En ningún momento del comienzo –ni una sola vez- ninguno de ellos dijo que Gerry McCann les hubiera pedido que no repitieran sus comentarios en público, o que tanto él como ellos estuvieran obligados por la confidencialidad. Ni tampoco los menciona Gerry a ellos, al final del día, diciéndoles que la entrada forzada y otras informaciones que les había dado se sabía ahora que eran incorrectas. Todo lo contrario.

Resulta revelador, que exactamente esas mismas técnicas fueran utilizadas por los mismos miembros del clan en el único otro período de presión crítica durante la larga estancia portuguesa de los McCann después del 4 de mayo, cuando los asesores profesionales de los medios estaban callados, desconectados o desorganizados. Cuando la pareja fue nombrada arguido e interrogada por la policía sobre su posible papel en la desaparición de la niña, se mantuvo la misma farsa de “silencio” por parte de los padres, mientras las versiones de lo que les había ocurrido –extremadamente anti-policía que incluían historias de ficción de supuestos acuerdos para conseguir declaraciones de culpabilidad – fueron ofrecidas a los medios de todo el mundo después de haber sido proporcionadas por teléfono con el único objetivo de ser hechas públicas. La técnica era idéntica e identificable. La prueba indiscutible de esto, es que en el momento arguido, Gerry McCann deliberadamente utilizó al clan como conducto de una versión de los hechos, así como un llamamiento pidiendo ayuda para encontrar a una niña desaparecida.

Por supuesto cualquier familia querría ayudar a uno de los suyos en apuros. Y la voluntad del hermético clan de ayudar a movilizar a los medios no estaba mal, o era una conspiración para esconder la verdad – eso es obvio. Sin embargo, mientras que las relaciones entre la policía y los padres eran permanentemente amargas, cuando la PJ descubrió que Gerry McCann estaba filtrando información contra ellos a través de otros, por la forma en que algunos familiares de los McCann se lanzaron a un spin de negación y no-atribución, al lenguaje deshonesto de una “fuente cercana” y el “amigo de la familia”, y todas las otras técnicas de control de información marcaron un gol desde lejos. Aquellos que miraron de cerca lo que estaba saliendo del “Team McCann” se preguntaban por qué se estaban utilizando estos métodos desde el 4 de mayo en adelante.

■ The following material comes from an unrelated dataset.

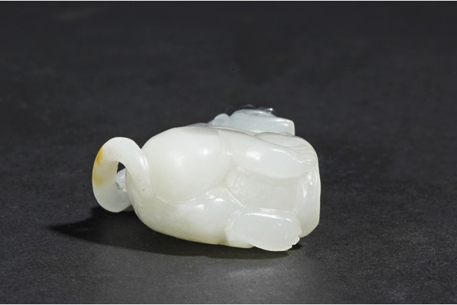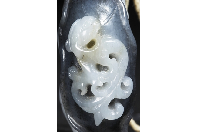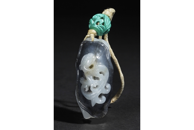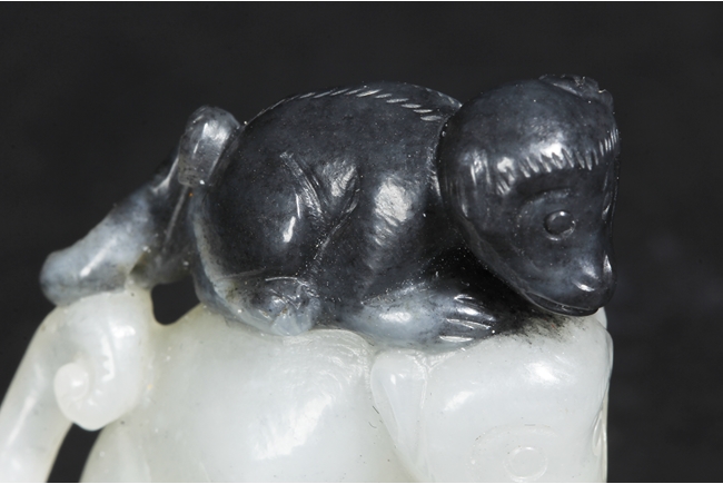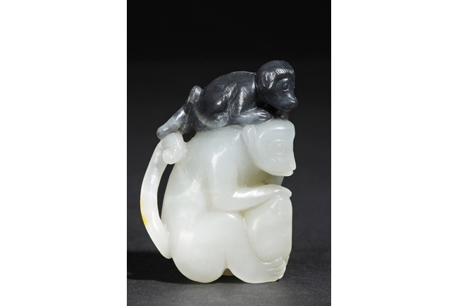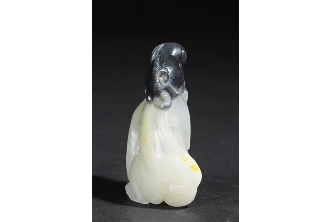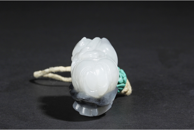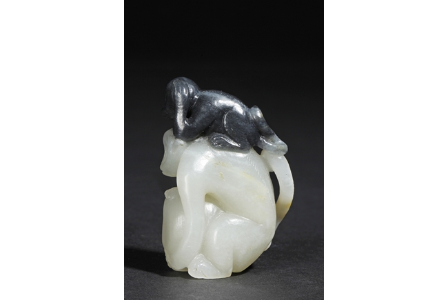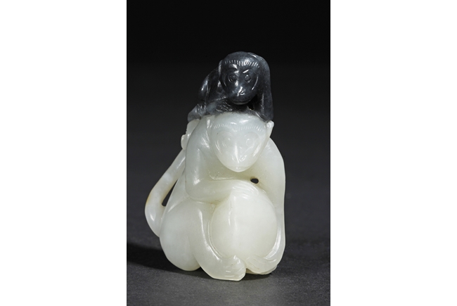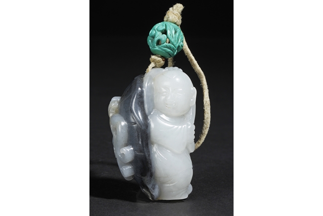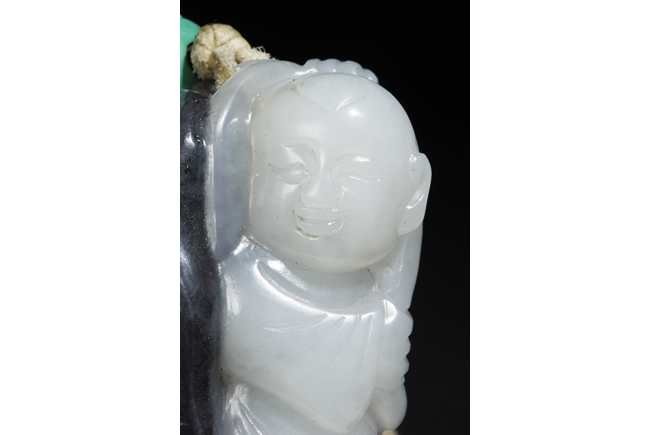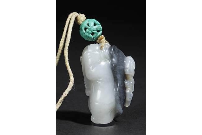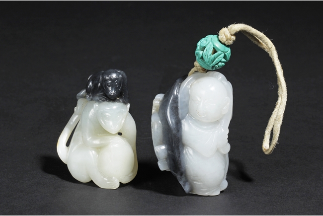 One ornament depicts a seated monkey holding onto a ball, while a small monkey surmounted on top, cleverly carved and fully utilizing the black and white jade. The other ornament depicts a young boy carrying a large lotus leaf on the back, with a small chi-long hanging on to it, cleverly carved, the string attached to a carved turquoise ball. 19th century
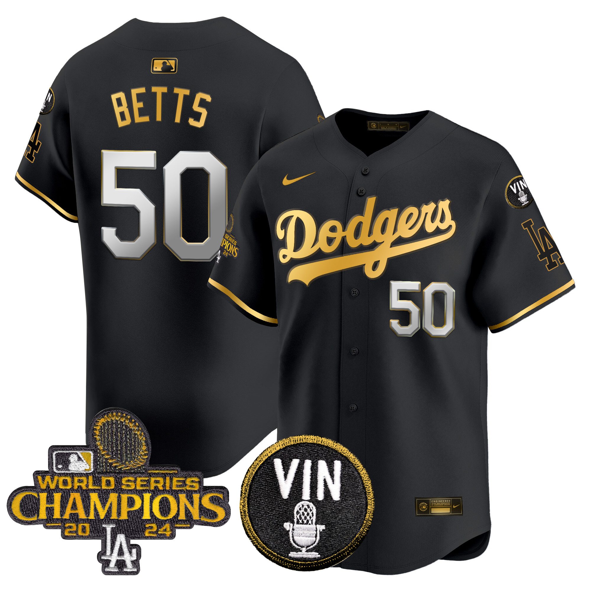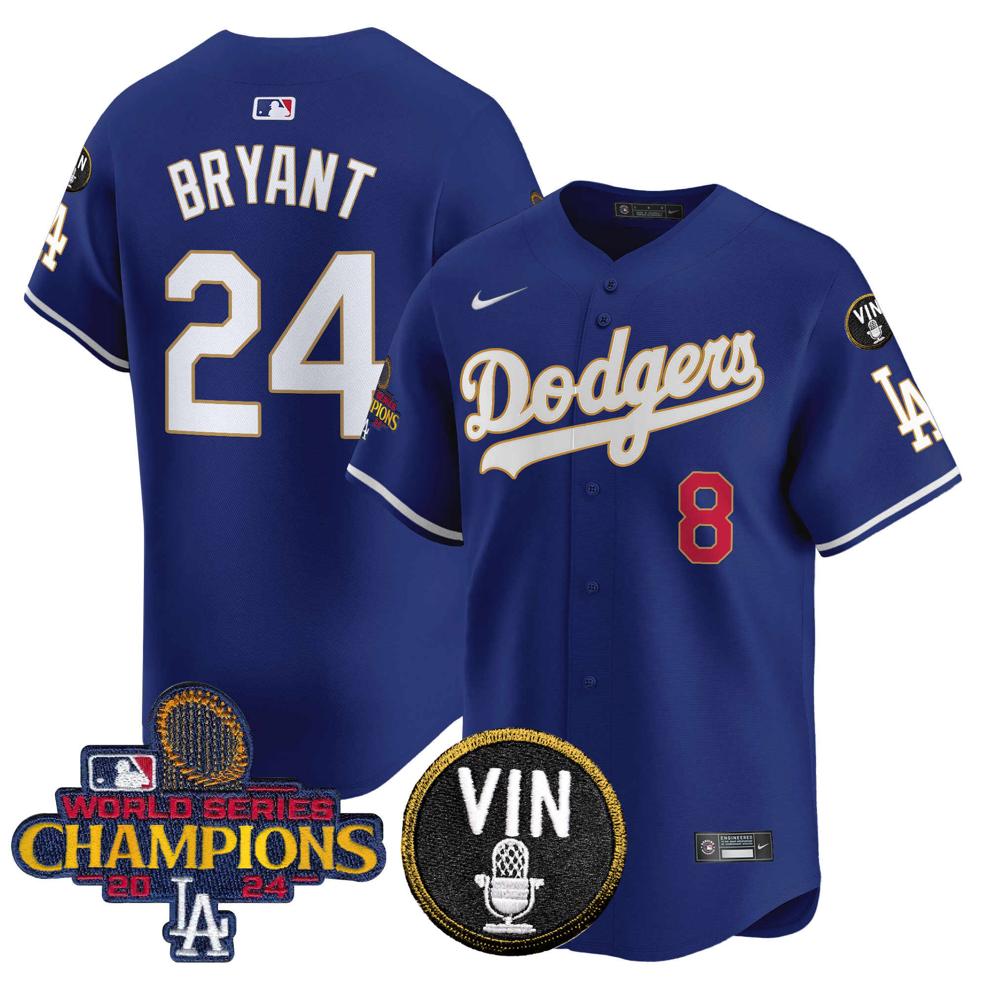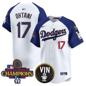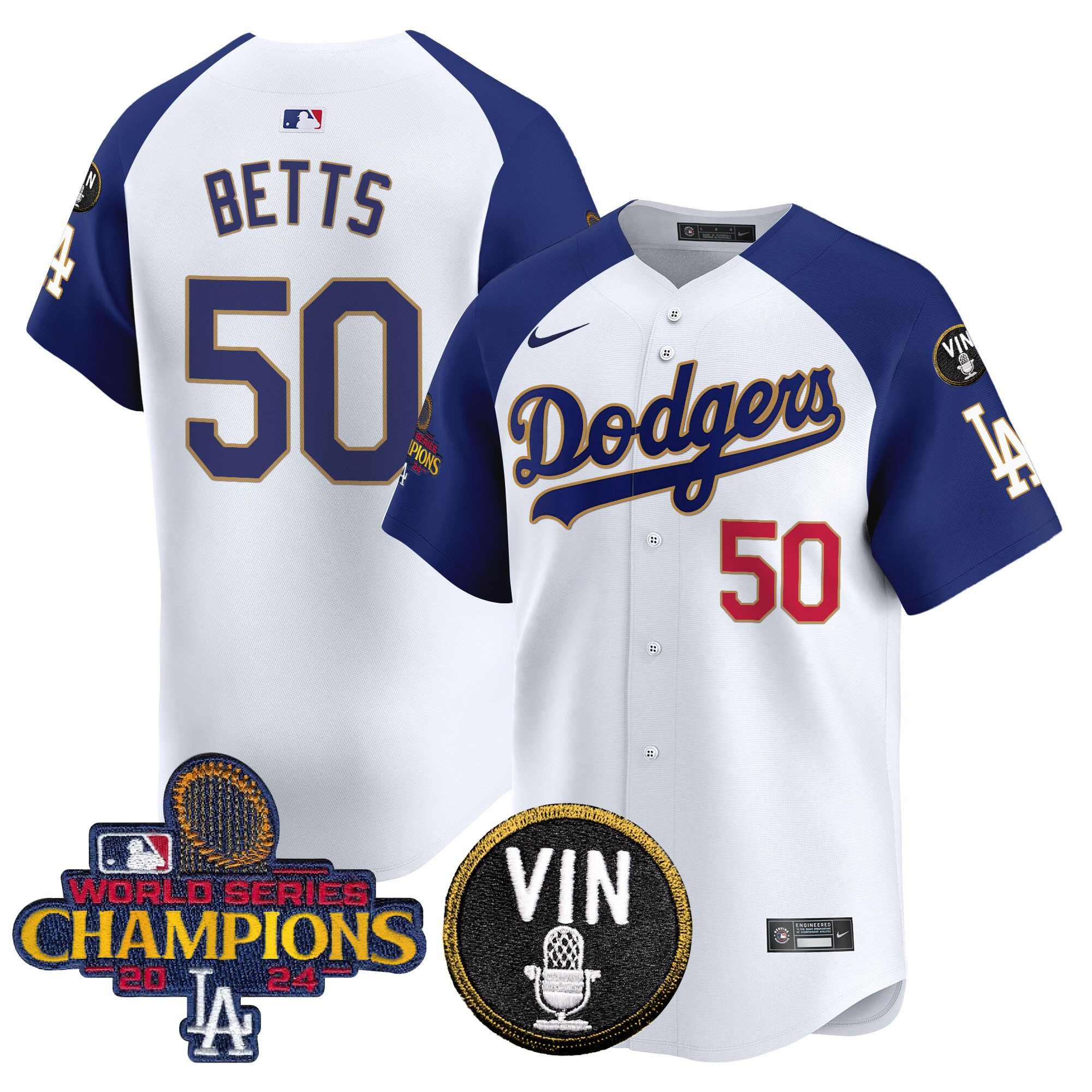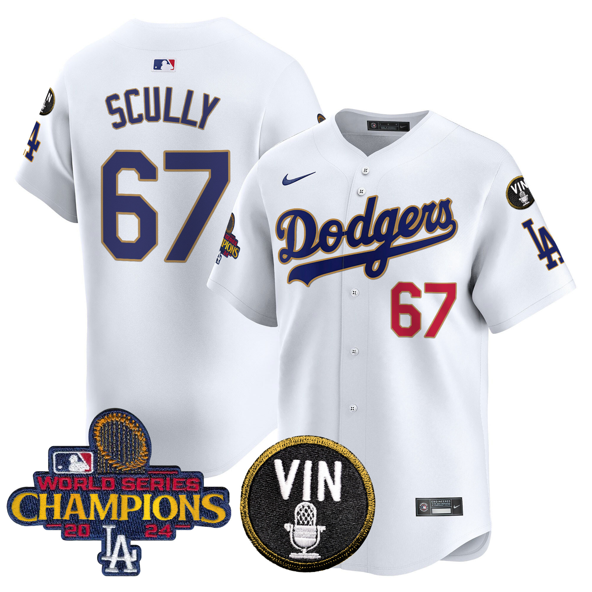 Men’s Dodgers 2024 World Series Champions Gold Trim Vapor Premier Limited Jersey V3 – All Stitched

Los edulcorados homenajes ofrecidos a la pareja por su “dominio” de la prensa no podía ocultarse, después de todo, esa gestión de las noticias, tal como se practica en política y relaciones públicas, se basa esencialmente en la retención y distorsión de las noticias y la organización de desinformación: esa es la función, eso es lo que la palabra amigable “spin” significa. ¿Cómo se gestó la decisión de atraer conciencia pública al mundo entero sobre una niña desaparecida, el día 4 de mayo, antes de la aparición de expertos o asesores gubernamentales –para arrojar luz a la oscuridad- colándose de manera perfecta en la maquinaria del spinning, disfrazando y limitando la información? ¿Por qué? ¿Cuál era el beneficio? El caso es que los periódicos demuestran que había muy poca información confidencial sobre las circunstancias de la desaparición que debieran ser retenidas de posibles malhechores, sorprendentemente poca de hecho, a pesar de lo que Kate McCann insinuaba hasta que esos documentos fueron abiertos a escrutinio público, así que ¿qué otras razones podrían existir?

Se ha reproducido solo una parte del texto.